Friday, November 06, 2009

Lord Healey accepts lifetime achievement

I found reading this profoundly upbeat and positive article rather inspiring, in view of all the recent doom and gloom surrounding politics and politicians.
Incidentally, I also found the recent Desert Island Discs programme with Lord Healey very interesting. (Unfortunately it is no longer available for "listen again")

Saturday, October 31, 2009

The Berlin wall had to fall, but today's world is no fairer

Interesting article by Mikhail Gorbachev in today's Guardian.

Thursday, October 08, 2009

Silly freebie requests

Interesting article on "silly freebie requests" at Greenbang.com

Sunday, October 04, 2009

Nuclear news (UK/Germany)

This article suggests that the UK new nuclear-build programme is wobbling.
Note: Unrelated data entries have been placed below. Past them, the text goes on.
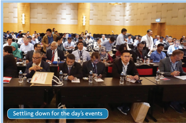
Settling down for the day's events

The Malaysian WPA hosted the 4th meeting in Kuala Lumpur. It was a success with both sponsors leaving satisfied. It was decided that the next meeting will be hosted by the Malaysian Branch in 2022. WVPA Asia is supported by the Malaysian Branch in Manila.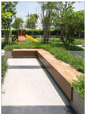
seating and raised planter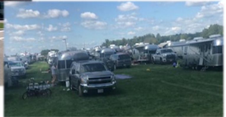
Sea of Silver

Children's Research Hospital. Entertainment by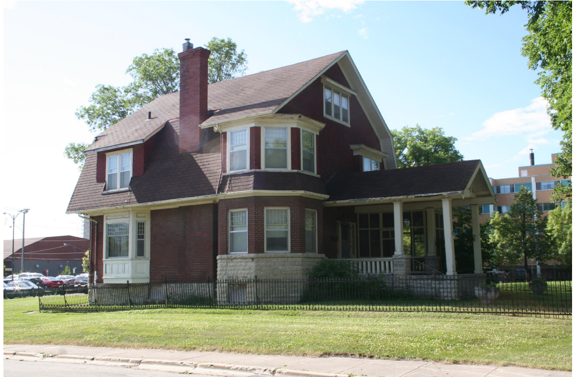
51 Balmoral Street

For history, see The Year Past, 1992-1993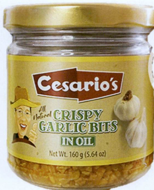
Figure 3. Unregistered CESARIO'S All Natural Crispy Garlic Bits in Oil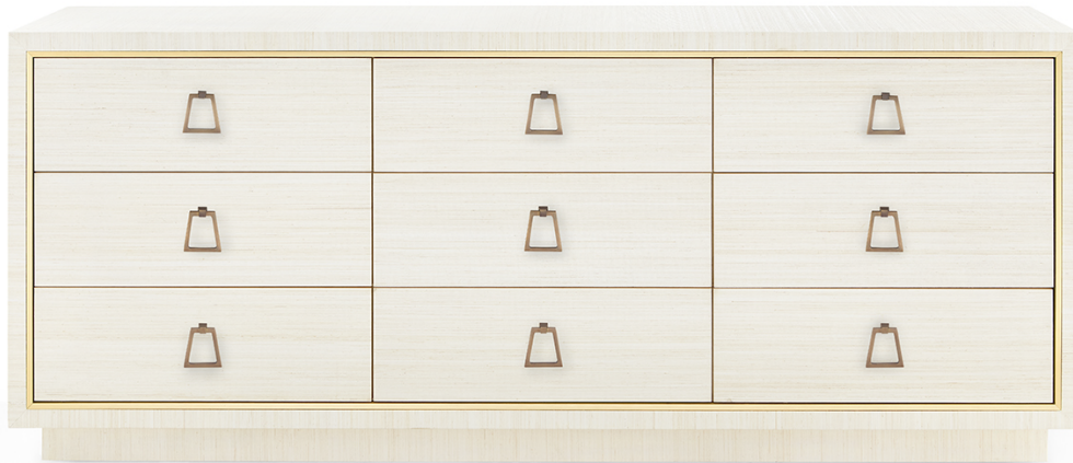
PARKER EXTRA LARGE 9-DRAWER, LIGHT NATURAL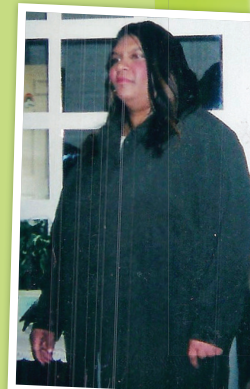
THEN: 350 lbs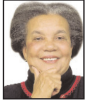
Marian W. Edelman

A s congregations of all faiths are observing the National Observance of Children's Sabbaths® Celebration this weekend, "Moving Forward with Hope: Love and Justice for Every Child," I offer prayers for all child advocates in this very challenging time for children and families and all of us when a half century of struggle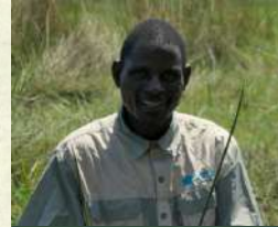
BARUTI Guide, Driver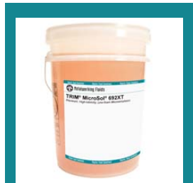
5-gallon pail SKU: MS692XT-5G UPC-12: 641238080121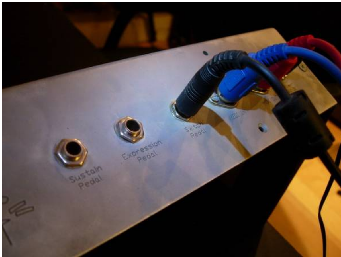
Sustain, expression, and switch pedal inputs; MIDI In/Out, power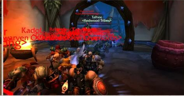
Clan Hammersong New Initiates Overrun Splintertree Post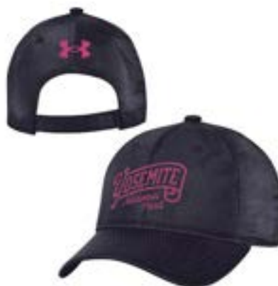
YOSEMITE NATIONAL PARK UH300Y999 AEU03684591 CAP FP POS AEU03318307 CAP CB POS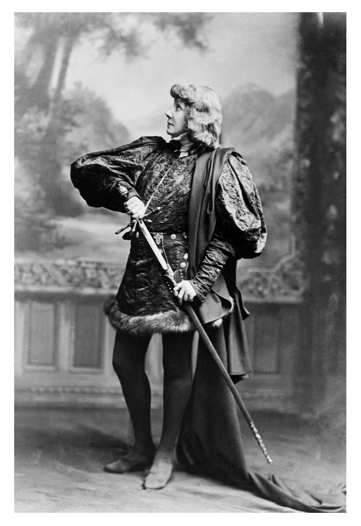
Figure 17 Sarah Bernhardt as Hamlet in the 1900 film directed by Clément Maurice

When the renowned French actor Sarah Bernhardt addressed the role at the turn of the twentieth century, there had been some fifty travesti performances in England and abroad (including France, Italy, Austria, and Germany).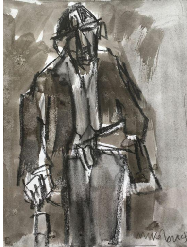
19. Collier - Litho crayon / ink wash, 41 x 36cm framed - £500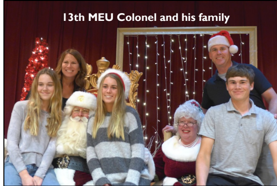
13th MEU Colonel and his family

2019 was another great year for the 13th MEU and the holidays were above what we could have ever imagined. The support of so many humbled us and was such a blessing to our families. We were able to put on a party that won't soon be forgotten. The excess donations were shared with the 15th MEU and the kids in the hospital. The single Marines enjoyed a yummy traditional Christmas dinner and we were able to assist more Marines with transportation costs to get home for the holidays this year than ever. A huge THANK YOU to everyone who went above and beyond this year in donations of time, money, gift cards, toys and raffle prizes !! We cannot do any of this without all of you !!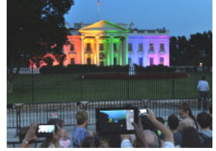
White House in the Obama era

In many states, the governmental authorities are all too glad to oblige by allowing rainbow colors to be projected on government buildings and the separatist flag to be hoisted at foreign embassies, pushing the “ Orientation Theory ” message under each and every nose. Mainstream television stations and newspapers broadcast the ideology into all households, making sure that no-one misses the message, to the glee of the extremists.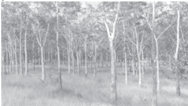
Ten-year rubber plantation grown in Mon State.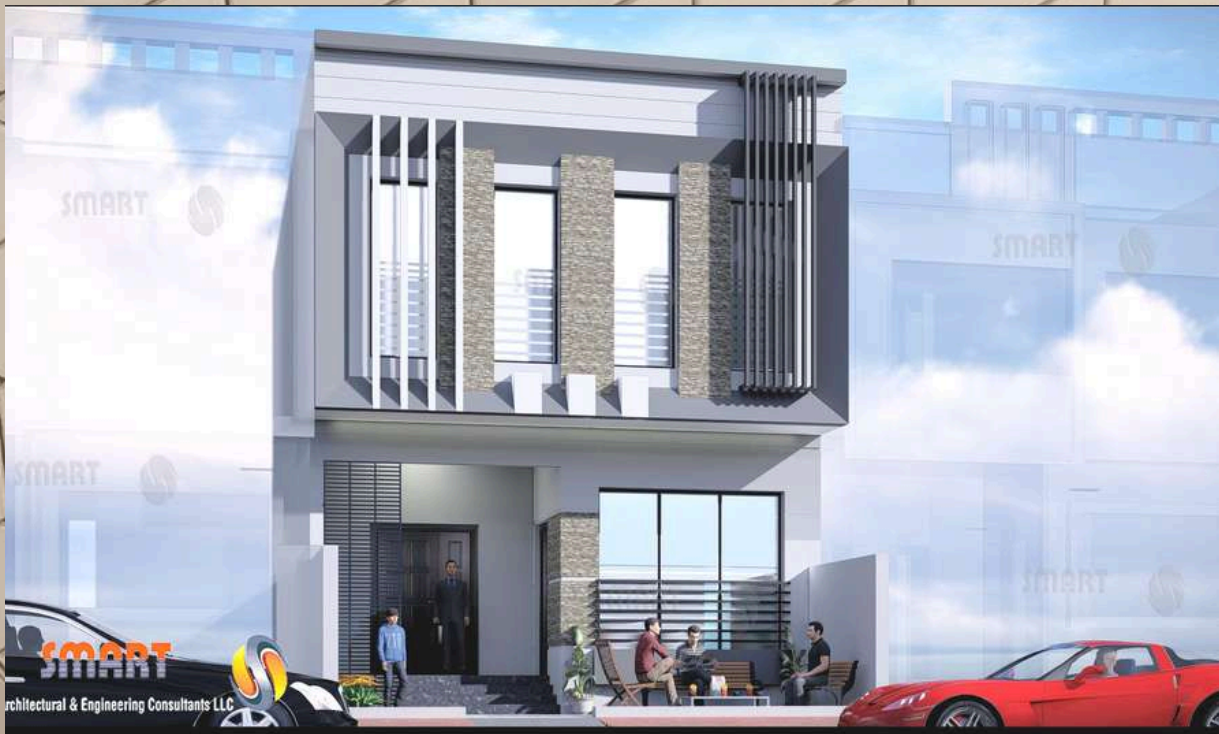
2957 (G+1) VILLA YASMEEN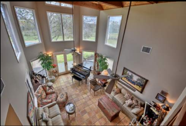
Balcony view of Living Area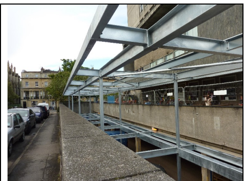
New bike store on Gordon Road

Meanwhile, I suspect public anti-nuclear opinion in Germany is so strong that no-one would seriously suggest a new nuclear-build programme, although following the recent elections the new government, while fundamentally honouring the agreed nuclear exit strategy, is likely to grant extensions to the agreed residual operating times for (at least some of the) existing plants.

The article on p. 3/4 of the current edition of Nuclear Monitor contains more details.
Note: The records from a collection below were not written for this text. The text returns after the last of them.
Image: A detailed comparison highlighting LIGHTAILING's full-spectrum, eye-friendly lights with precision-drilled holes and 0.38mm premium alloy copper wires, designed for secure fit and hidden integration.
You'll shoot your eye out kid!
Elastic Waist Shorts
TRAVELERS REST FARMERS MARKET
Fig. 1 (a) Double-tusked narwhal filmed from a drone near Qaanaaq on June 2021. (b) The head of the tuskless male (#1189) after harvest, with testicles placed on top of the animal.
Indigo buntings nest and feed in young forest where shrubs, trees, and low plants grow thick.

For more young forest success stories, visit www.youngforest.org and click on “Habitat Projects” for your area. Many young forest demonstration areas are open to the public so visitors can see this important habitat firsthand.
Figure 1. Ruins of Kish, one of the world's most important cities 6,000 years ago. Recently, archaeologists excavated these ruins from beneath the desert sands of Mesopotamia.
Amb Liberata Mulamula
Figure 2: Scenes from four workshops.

Wednesday, September 16, 2009

Landslide could be warning shot we should not ignore

Interesting article in today's Press and Journal by Nicola Barry:

LANDSLIDES are only good if they happen for your party in an election. But when you come face to face with the real thing, see the raw power of nature in action, it can be truly terrifying.

You cannot have failed to notice the TV and press coverage of the massive slippage on the A83 at Rest and Be Thankful, in Argyll. A massive 1,000 tons of mud and rubble crashed down the mountainside and blocked the road for the second time in two years at almost exactly the same place.

I was driving home after speaking at a conference at Tarbert, a lengthy enough journey at the best of times. Then I came face to face with a blocked route and a mammoth 60-mile diversion to circumvent the mess. I was not alone. For the next four days, hundreds of drivers had to make the same extended detour.

We have had serious landslides here in Scotland. Remember the one which trapped 50 people and isolated the entire village of Lochearnhead in 2004? They are caused by prolonged heavy rain – and we have seen plenty of that this year.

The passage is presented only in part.